- TASK INSTRUCTIONS
In your copy, include no images, and write out every entry below exactly as it stands.

- Stored records
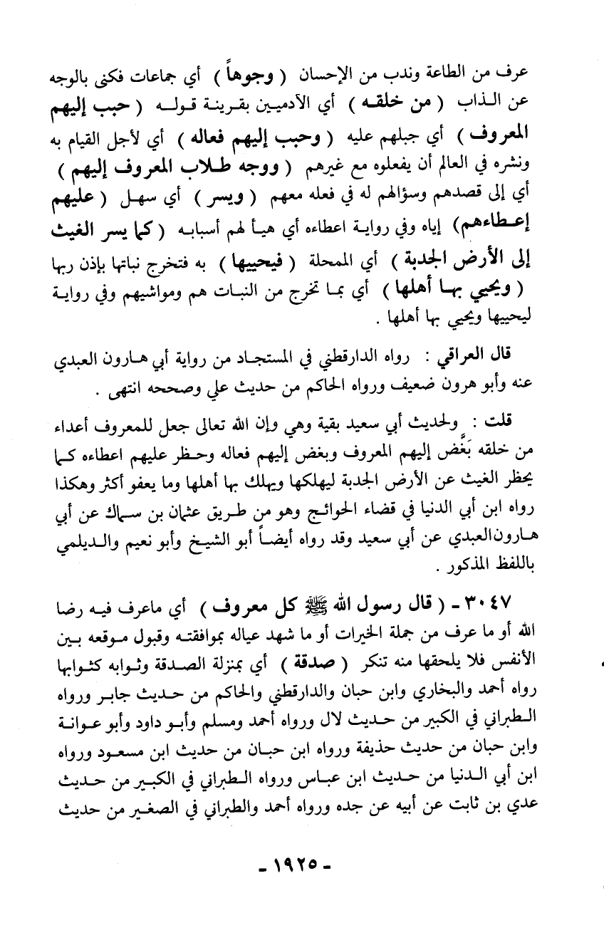 قلت: ولحديث أبي سعيد بقية وهي وإن الله تعالى جعل للمعروف أعداء من خلقه بَغَّض إليهم المعروف وبغض إليهم فعاله وحظر عليهم إعطاءه كما يحظر الغيث عن الأرض الجدبة ليهلكها ويهلك بها أهلها وما يعفو أكثر وهكذا رواه ابن أبي الدنيا في قضاء الحوائج وهو من طريق عثمان بن سماك عن أبي هارون العبدي عن أبي سعيد وقد رواه أيضاً أبو الشيخ وأبو نعيم والديلمي باللفظ المذكور.
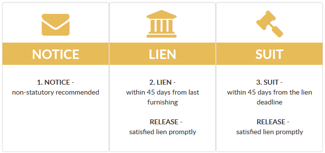 Although not required, frequently public projects are bonded, which provides those furnishing to public projects the ability to secure rights in the event they are not paid. But what happens to those who furnish to a project that isn’t bonded? How can they secure their right to get paid?
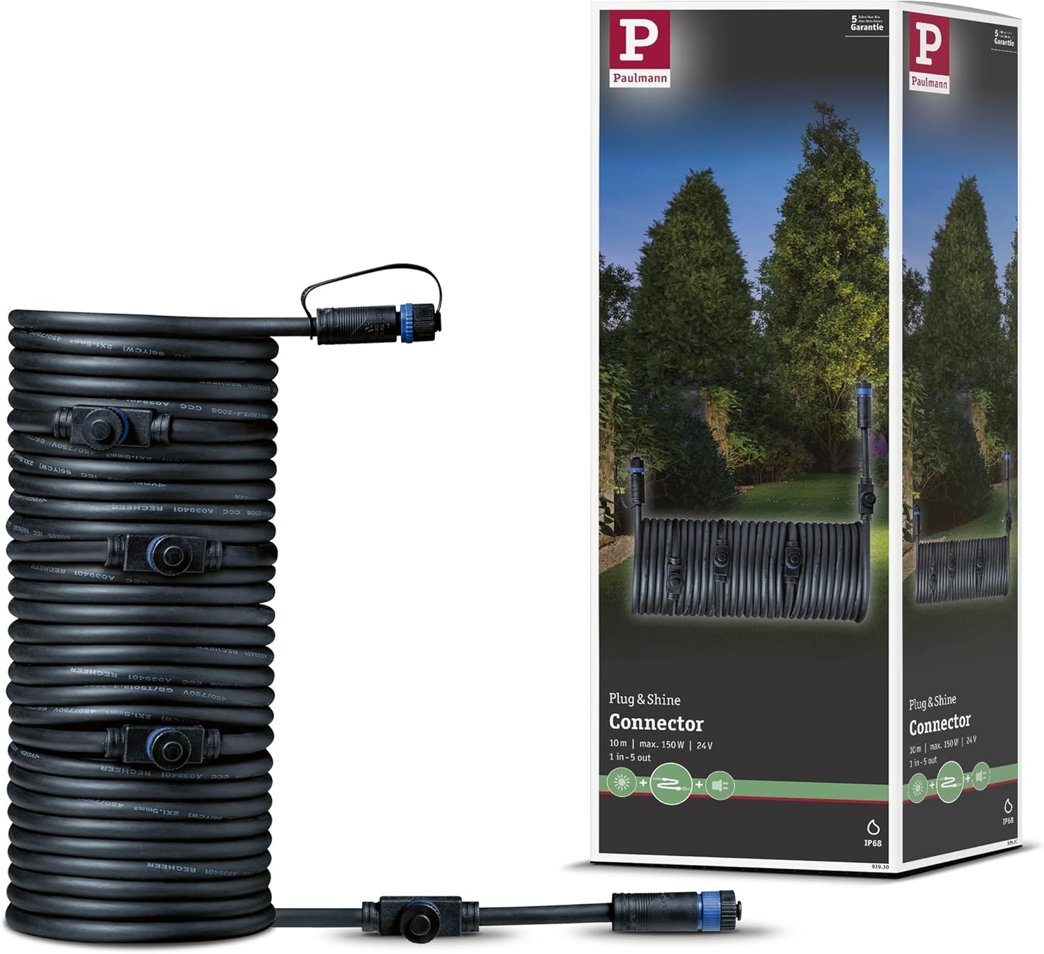 Beschreibung Das Paulmann Beleuchtungssystem Plug&Shine 5fach-Verteiler 93930 in Schwarz ist ein vielseitiges 24V-Verbindungskabel mit IP68-Schutz, das gegen dauerhaftes Untertauchen geschützt ist. Es ermöglicht den Anschluss von bis zu fünf weiteren Leuchten oder Zubehörteilen und überbrückt Entfernungen bis zu 10 m. Ideal für die individuelle Gestaltung Ihres Außenbereichs, ist es sowohl ober- als auch unterirdisch verlegbar. **Highlights** - 24V-Verbindungskabel für flexible Beleuchtungslösungen - IP68-Schutz für dauerhaften Einsatz im Freien - Kombinierbar mit allen Leuchten und Zubehörteilen der Plug&Shine Serie - Ober- und unterirdisch verlegbar für vielseitige Anwendung - Fünf Anschlussbuchsen für zusätzlichen Zubehöranschluss **Produkteigenschaften** - Länge: 10 m - Max. Leistung: max. 150 W - Farbe: Schwarz - Material: Kunststoff - Schutzklasse: III - Technik: Zubehör ohne Lichtquelle **Lieferumfang** - 1 x Plug&Shine Verbindungskabel mit fünf Anschlussbuchsen - Abdeckkappen für nicht benötigte Abgänge
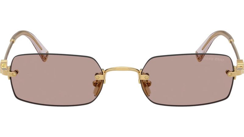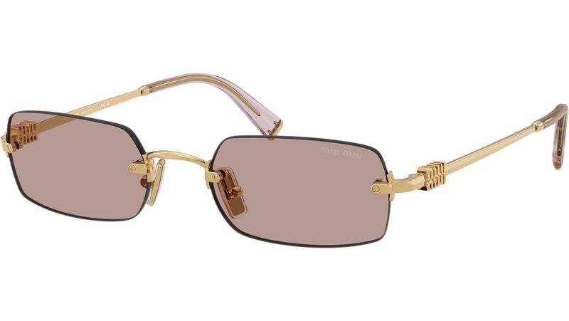 Oculos de sol Miu Miu com um charme sofisticado A armacao de metal ultraleve apresenta lentes retangulares de formato livre, enriquecidas por uma paleta de cores divertida O logotipo vertical da Miu Miu adorna as hastes ultrafinas
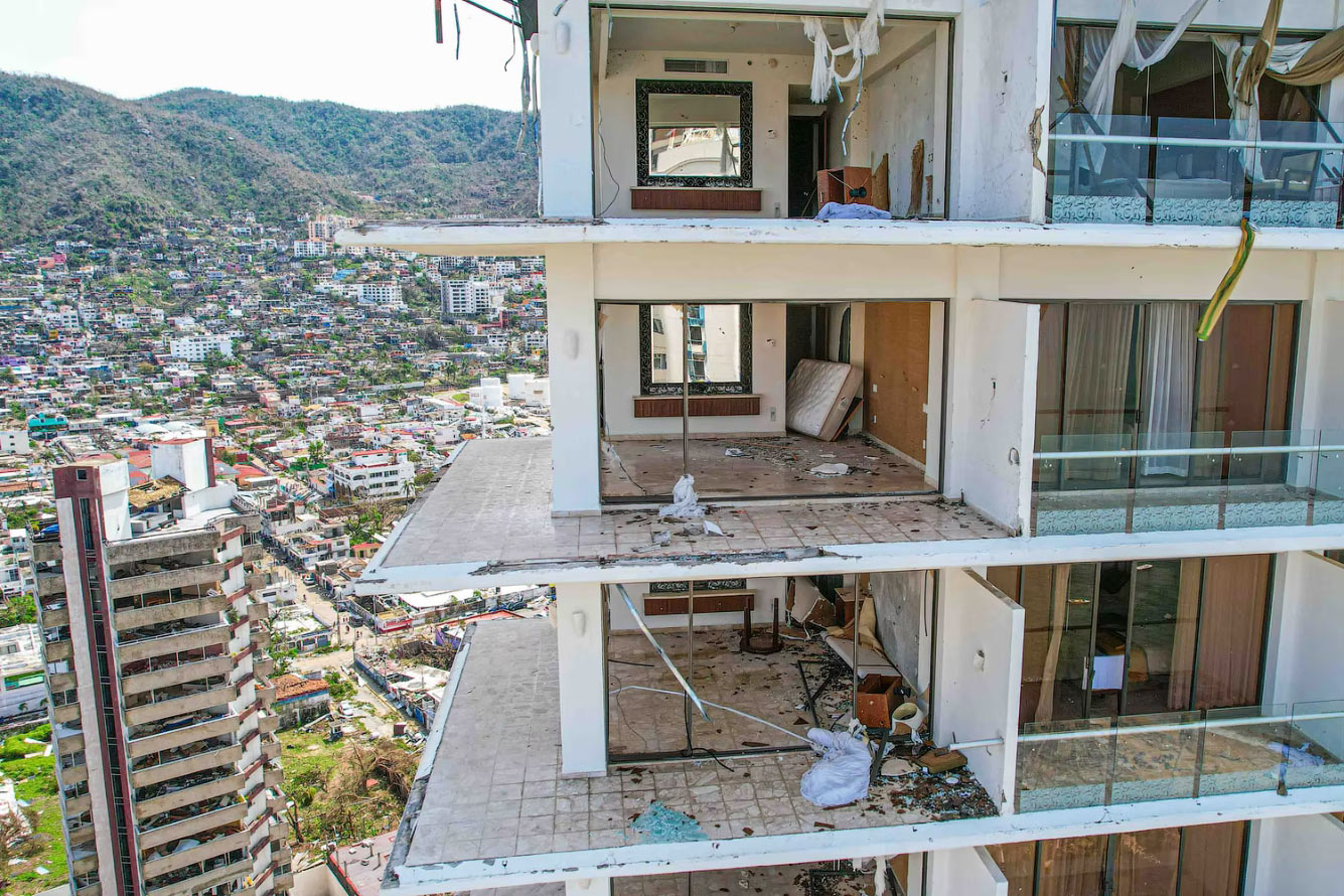 В результате урагана в штате Герреро были повреждены 1 электростанция, 26 подстанций, 37 линий электропередач, 10 тыс. фонарных столбов; около 500 тыс. жителей остались без электроснабжения. Повреждения получили не менее 220 тыс. домов, в том числе 600 отелей и кондоминиумов; на высоких этажах силой ветра выдавливало окна и выламывало стены. (Фото Rodrigo Oropeza):

- TASK OUTPUT
 قلت: ولحديث أبي سعيد بقية وهي وإن الله تعالى جعل للمعروف أعداء من خلقه بَغَّض إليهم المعروف وبغض إليهم فعاله وحظر عليهم إعطاءه كما يحظر الغيث عن الأرض الجدبة ليهلكها ويهلك بها أهلها وما يعفو أكثر وهكذا رواه ابن أبي الدنيا في قضاء الحوائج وهو من طريق عثمان بن سماك عن أبي هارون العبدي عن أبي سعيد وقد رواه أيضاً أبو الشيخ وأبو نعيم والديلمي باللفظ المذكور.
 Although not required, frequently public projects are bonded, which provides those furnishing to public projects the ability to secure rights in the event they are not paid. But what happens to those who furnish to a project that isn’t bonded? How can they secure their right to get paid?
 Beschreibung Das Paulmann Beleuchtungssystem Plug&Shine 5fach-Verteiler 93930 in Schwarz ist ein vielseitiges 24V-Verbindungskabel mit IP68-Schutz, das gegen dauerhaftes Untertauchen geschützt ist. Es ermöglicht den Anschluss von bis zu fünf weiteren Leuchten oder Zubehörteilen und überbrückt Entfernungen bis zu 10 m. Ideal für die individuelle Gestaltung Ihres Außenbereichs, ist es sowohl ober- als auch unterirdisch verlegbar. **Highlights** - 24V-Verbindungskabel für flexible Beleuchtungslösungen - IP68-Schutz für dauerhaften Einsatz im Freien - Kombinierbar mit allen Leuchten und Zubehörteilen der Plug&Shine Serie - Ober- und unterirdisch verlegbar für vielseitige Anwendung - Fünf Anschlussbuchsen für zusätzlichen Zubehöranschluss **Produkteigenschaften** - Länge: 10 m - Max. Leistung: max. 150 W - Farbe: Schwarz - Material: Kunststoff - Schutzklasse: III - Technik: Zubehör ohne Lichtquelle **Lieferumfang** - 1 x Plug&Shine Verbindungskabel mit fünf Anschlussbuchsen - Abdeckkappen für nicht benötigte Abgänge
 Oculos de sol Miu Miu com um charme sofisticado A armacao de metal ultraleve apresenta lentes retangulares de formato livre, enriquecidas por uma paleta de cores divertida O logotipo vertical da Miu Miu adorna as hastes ultrafinas
 В результате урагана в штате Герреро были повреждены 1 электростанция, 26 подстанций, 37 линий электропередач, 10 тыс. фонарных столбов; около 500 тыс. жителей остались без электроснабжения. Повреждения получили не менее 220 тыс. домов, в том числе 600 отелей и кондоминиумов; на высоких этажах силой ветра выдавливало окна и выламывало стены. (Фото Rodrigo Oropeza):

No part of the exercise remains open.